WHAT IS BEING ASKED
Line by line, repeat the material below exactly and leave the images out.

DATA EXCERPT
◇ ◇ ◇

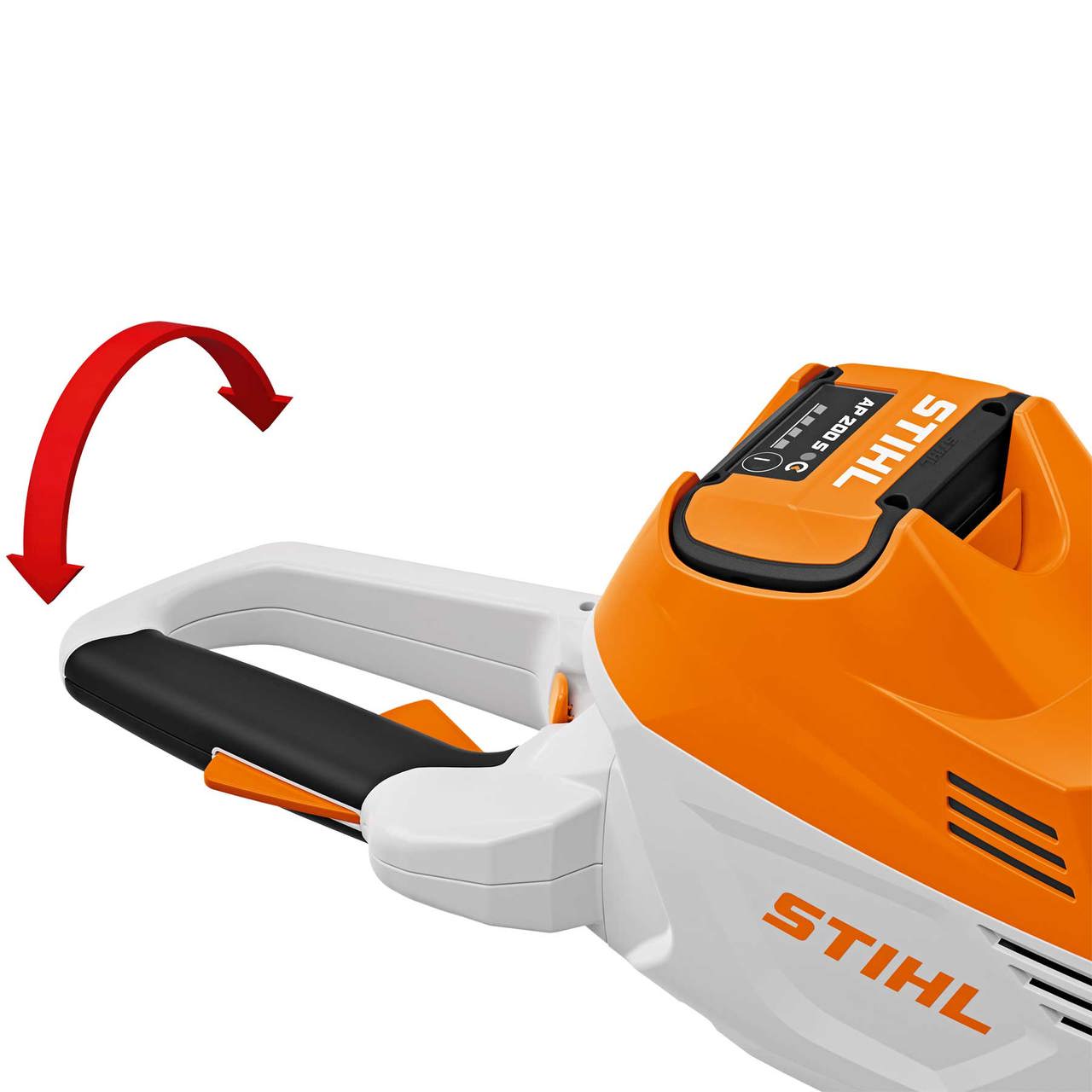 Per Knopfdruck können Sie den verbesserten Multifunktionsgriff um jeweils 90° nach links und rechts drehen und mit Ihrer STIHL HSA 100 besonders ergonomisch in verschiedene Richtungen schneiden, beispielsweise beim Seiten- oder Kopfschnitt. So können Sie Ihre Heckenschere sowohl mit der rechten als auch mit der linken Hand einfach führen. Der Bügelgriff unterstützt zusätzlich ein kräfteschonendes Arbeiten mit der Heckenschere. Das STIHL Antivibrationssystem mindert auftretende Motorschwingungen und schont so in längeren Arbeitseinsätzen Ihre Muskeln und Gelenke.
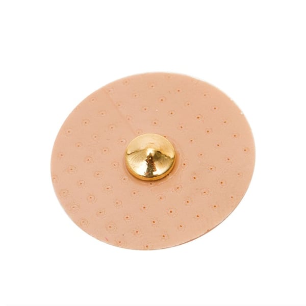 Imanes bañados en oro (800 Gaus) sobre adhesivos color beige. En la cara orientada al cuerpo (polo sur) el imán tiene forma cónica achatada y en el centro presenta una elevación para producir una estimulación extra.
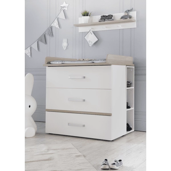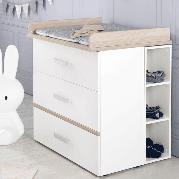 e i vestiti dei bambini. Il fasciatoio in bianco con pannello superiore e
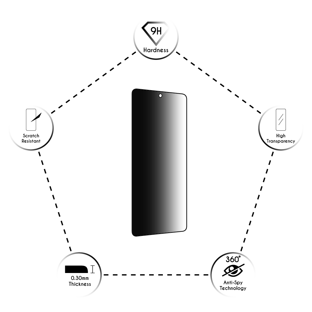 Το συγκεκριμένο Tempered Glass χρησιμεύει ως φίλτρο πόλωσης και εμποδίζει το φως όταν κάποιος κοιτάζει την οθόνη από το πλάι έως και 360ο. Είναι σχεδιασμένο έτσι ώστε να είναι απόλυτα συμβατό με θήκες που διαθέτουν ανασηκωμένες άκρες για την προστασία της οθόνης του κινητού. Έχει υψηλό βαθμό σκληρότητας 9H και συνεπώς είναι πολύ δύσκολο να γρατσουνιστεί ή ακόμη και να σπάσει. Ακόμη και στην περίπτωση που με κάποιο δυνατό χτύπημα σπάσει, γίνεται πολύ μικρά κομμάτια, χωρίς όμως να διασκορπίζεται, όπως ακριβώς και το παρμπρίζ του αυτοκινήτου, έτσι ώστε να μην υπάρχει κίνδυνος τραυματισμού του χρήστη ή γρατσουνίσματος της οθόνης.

◇ ◇ ◇

RESPONSE
 Per Knopfdruck können Sie den verbesserten Multifunktionsgriff um jeweils 90° nach links und rechts drehen und mit Ihrer STIHL HSA 100 besonders ergonomisch in verschiedene Richtungen schneiden, beispielsweise beim Seiten- oder Kopfschnitt. So können Sie Ihre Heckenschere sowohl mit der rechten als auch mit der linken Hand einfach führen. Der Bügelgriff unterstützt zusätzlich ein kräfteschonendes Arbeiten mit der Heckenschere. Das STIHL Antivibrationssystem mindert auftretende Motorschwingungen und schont so in längeren Arbeitseinsätzen Ihre Muskeln und Gelenke.
 Imanes bañados en oro (800 Gaus) sobre adhesivos color beige. En la cara orientada al cuerpo (polo sur) el imán tiene forma cónica achatada y en el centro presenta una elevación para producir una estimulación extra.
 e i vestiti dei bambini. Il fasciatoio in bianco con pannello superiore e
 Το συγκεκριμένο Tempered Glass χρησιμεύει ως φίλτρο πόλωσης και εμποδίζει το φως όταν κάποιος κοιτάζει την οθόνη από το πλάι έως και 360ο. Είναι σχεδιασμένο έτσι ώστε να είναι απόλυτα συμβατό με θήκες που διαθέτουν ανασηκωμένες άκρες για την προστασία της οθόνης του κινητού. Έχει υψηλό βαθμό σκληρότητας 9H και συνεπώς είναι πολύ δύσκολο να γρατσουνιστεί ή ακόμη και να σπάσει. Ακόμη και στην περίπτωση που με κάποιο δυνατό χτύπημα σπάσει, γίνεται πολύ μικρά κομμάτια, χωρίς όμως να διασκορπίζεται, όπως ακριβώς και το παρμπρίζ του αυτοκινήτου, έτσι ώστε να μην υπάρχει κίνδυνος τραυματισμού του χρήστη ή γρατσουνίσματος της οθόνης.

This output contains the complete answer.